Tips Membangun Roadmap AI untuk CEO Perusahaan Tradisional
Tips Membangun Roadmap AI untuk CEO Perusahaan Tradisional
Problem: CEO Perusahaan Tradisional Ragu Memulai Transformasi AI
Perusahaan tradisional di Indonesia — dari grup konglomerat keluarga hingga BUMN — memiliki tantangan unik dalam adopsi AI: budaya organisasi yang kuat, proses bisnis yang sudah mapan, dan kekhawatiran terhadap disruption internal. Riset Boston Consulting Group 2025 menemukan bahwa 78% CEO perusahaan tradisional di Asia Tenggara mengakui pentingnya AI, namun hanya 12% yang memiliki roadmap implementasi yang jelas.
Tanpa roadmap yang terstruktur, perusahaan tradisional rentan terhadap dua ekstrem: “AI window shopping” — terjebak dalam endless pilot projects tanpa skala, atau “big bang approach” — investasi besar-besaran yang gagal karena organisasi belum siap.
Analysis: Empat Pilar Roadmap AI untuk Perusahaan Tradisional
1. Leadership Alignment & AI Literacy. CEO dan jajaran direksi harus memiliki pemahaman dasar tentang AI — bukan sebagai teknisi, tetapi sebagai pengambil keputusan. Sentraxa merekomendasikan program AI literacy untuk C-suite sebelum memulai implementasi apa pun. Perusahaan dengan C-suite AI-literate memiliki tingkat keberhasilan transformasi 3,5x lebih tinggi.
2. Data Foundation. Perusahaan tradisional seringkali memiliki data yang melimpah namun tidak terstruktur. Prioritas utama: bangun single source of truth untuk data operasional. Data lake sederhana sudah cukup untuk memulai — jangan menunggu infrastruktur sempurna karena itu tidak akan pernah terjadi.

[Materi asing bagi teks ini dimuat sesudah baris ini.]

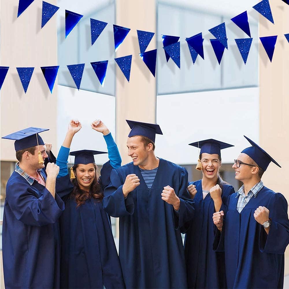 30 Ft Royal Blue Party Decorations Navy Blue Metallic Glitter Paper Triangle Banner Flag Garland Pennant Bunting for Graduation Birthday Wedding Bridal Shower Ahoy Achor Nautical Theme Party Supplies
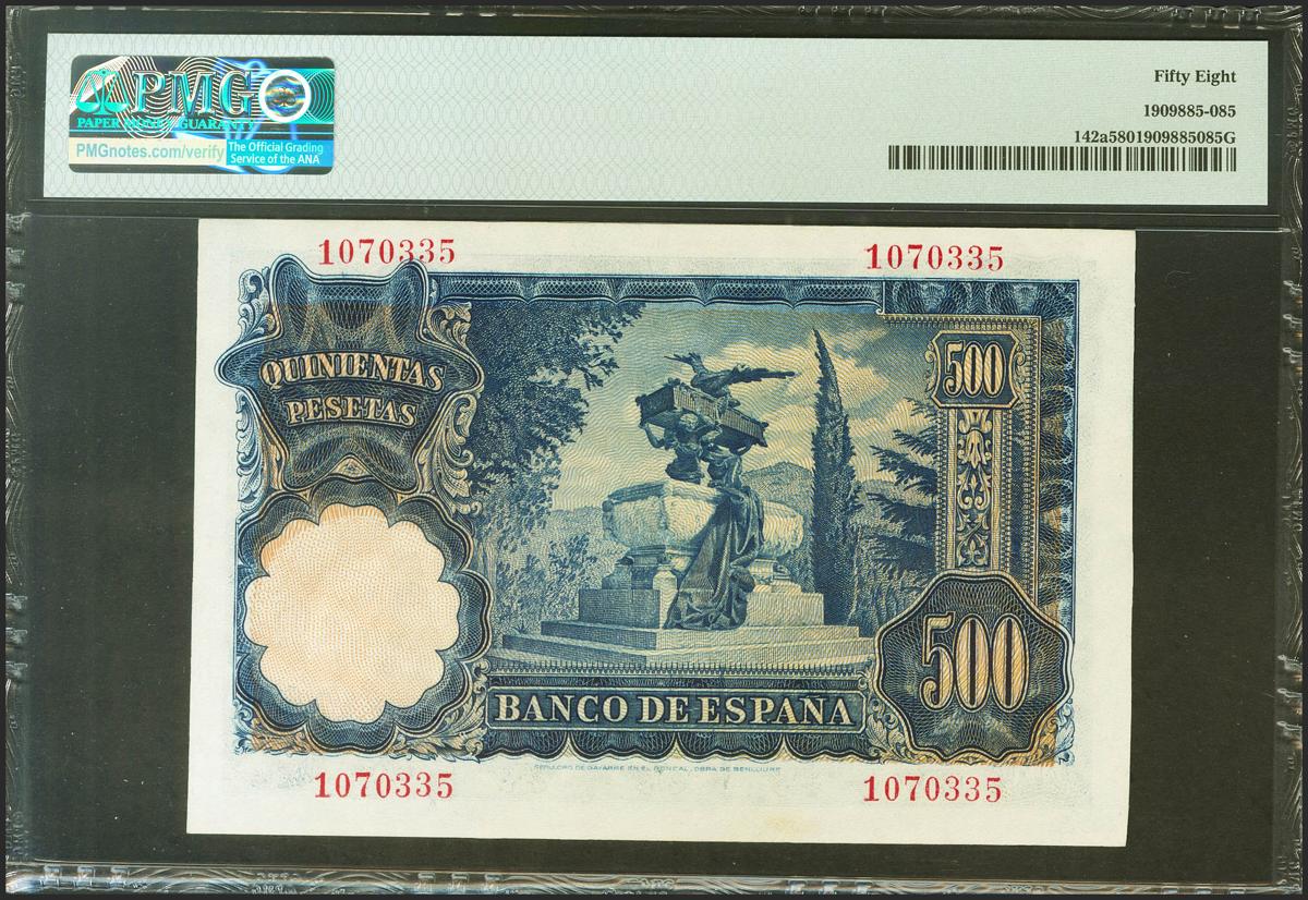 500 Pesetas. 15 de Noviembre de 1951. Sin serie. (Edifil 2021: 460, Pick: 142a). EBC++. Encapsulado PMG58.
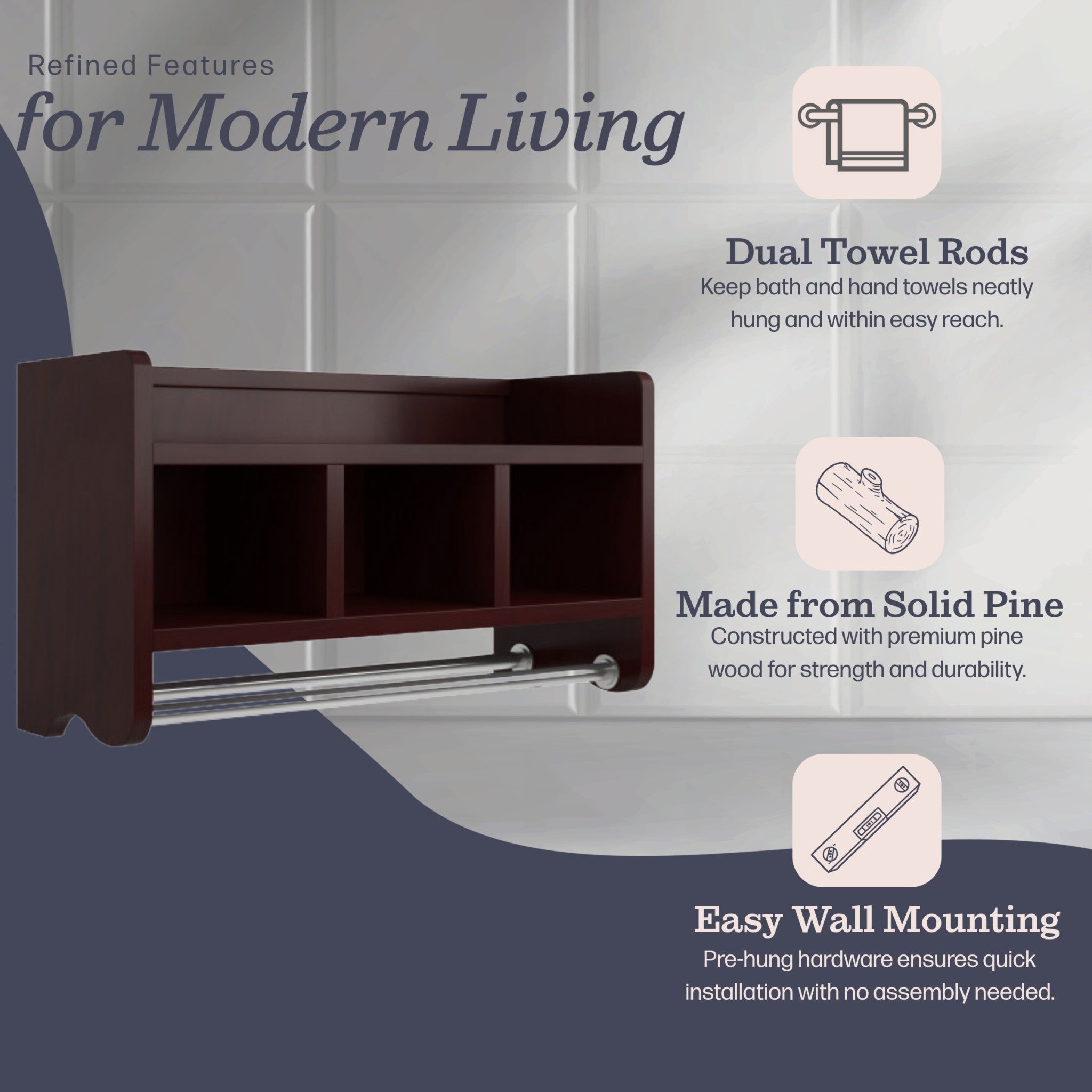 - [SPACE-SAVING ELEGANCE] The Logan Espresso Bath Storage Shelf includes a top shelf and three cubbies, plus two towel rods, perfect for organizing toiletries in compact spaces
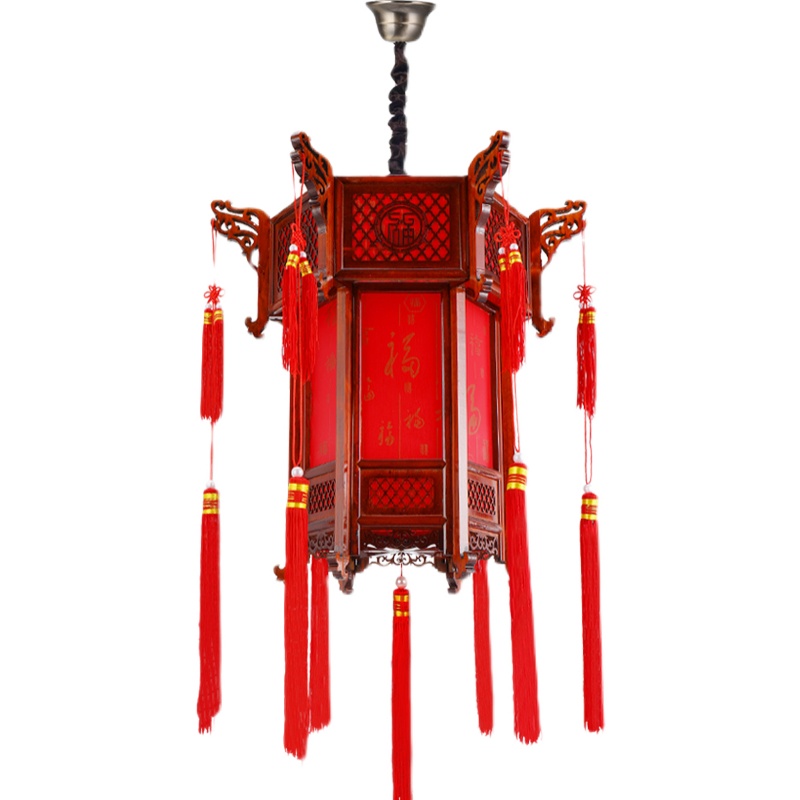 Chinese solid wood palace lamp imitation ancient hexagonal large red balcony chandelia Qiao relocating to the classical outdoor gate New Year's lantern
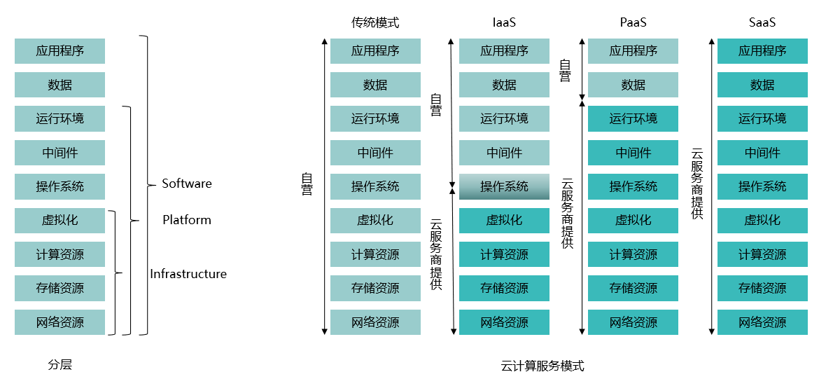 IaaS:如果基础设施层由云服务商提供,其它由用户自营,这种模式称为 IaaS
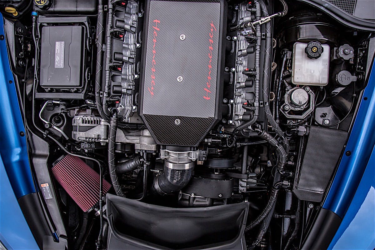 The HPE1000 package for the 2015-’17 Chevrolet Corvette Z06 has an estimated power rating of a whopping 1008 horsepower at 6,500rpm and 823 lb-ft torque at 4,000rpm. It does a 0 to 60 of roughly 2.5 seconds, a quarter mile in 9.7 seconds at 147MPH, and has a top speed of over 220 mph. And yes, it is available for both the automatic and manual transmission equipped vehicles. After installation of the super long list of upgrades, the vehicle is dyno’d, tuned, road tested, and then (like all Hennessey builds) backed by a 1 year/12,000 mile warranty.
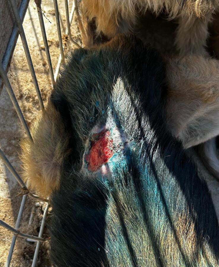 PIERCE wurde vermutlich durch den Zaun gebissen, er hat eine Wunde am Rücken, welche bereits versorgt wurde.

3. Quick Wins Strategy. Pilih 2–3 use case dengan kompleksitas rendah dan dampak tinggi untuk membangun momentum. Contoh: automated document processing untuk divisi legal/HR (bisa selesai dalam 4–6 minggu) atau AI-powered customer service chatbot (bisa mengurangi beban tim CS hingga 40%). Quick wins membangun kepercayaan dan political capital untuk ekspansi AI.
4. Governance & Change Management. AI di perusahaan tradisional membutuhkan governance yang jelas: siapa yang memiliki data, bagaimana keputusan AI divalidasi, dan bagaimana karyawan yang terdampak akan di-upgrade skill-nya. Jangan lupakan aspek etika dan regulasi AI yang semakin ketat di Indonesia.
Insight: Data Keberhasilan Perusahaan Tradisional
Sentraxia Consulting mendampingi transformasi AI di 8 perusahaan tradisional Indonesia (grup properti, agribisnis, dan distribusi). Hasilnya: perusahaan yang mengikuti roadmap bertahap (quick wins → scale → transform) mencapai 4,2x ROI lebih tinggi dibandingkan yang mencoba transformasi besar-besaran dalam sekali jalan.
Data menunjukkan bahwa perusahaan tradisional membutuhkan waktu 18–24 bulan untuk mencapai AI maturity level yang signifikan, namun dampak positif pada efisiensi operasional sudah terlihat sejak bulan ke-3 melalui quick wins. Kuncinya: konsistensi, bukan kecepatan.
Recommendation: Langkah Konkret CEO
Minggu 1–2: Ikuti program AI literacy untuk C-suite dan lakukan assessment kesiapan organisasi. Bulan 1–2: Identifikasi 2 quick wins bersama konsultan AI dan bangun data foundation minimal. Bulan 3–6: Implementasi 2 pilot project, ukur dampak dengan KPI bisnis yang jelas. Bulan 7–12: Evaluasi, tentukan area scale-up, dan bangun AI Center of Excellence.
Pesan CEO kepada CEO: AI bukan ancaman — ini adalah alat untuk memperkuat moat bisnis tradisional Anda. Perusahaan yang berhasil adalah yang memadukan kearifan bisnis tradisional dengan kekuatan AI. Mulailah sekarang, karena pesaing Anda sudah mulai bergerak.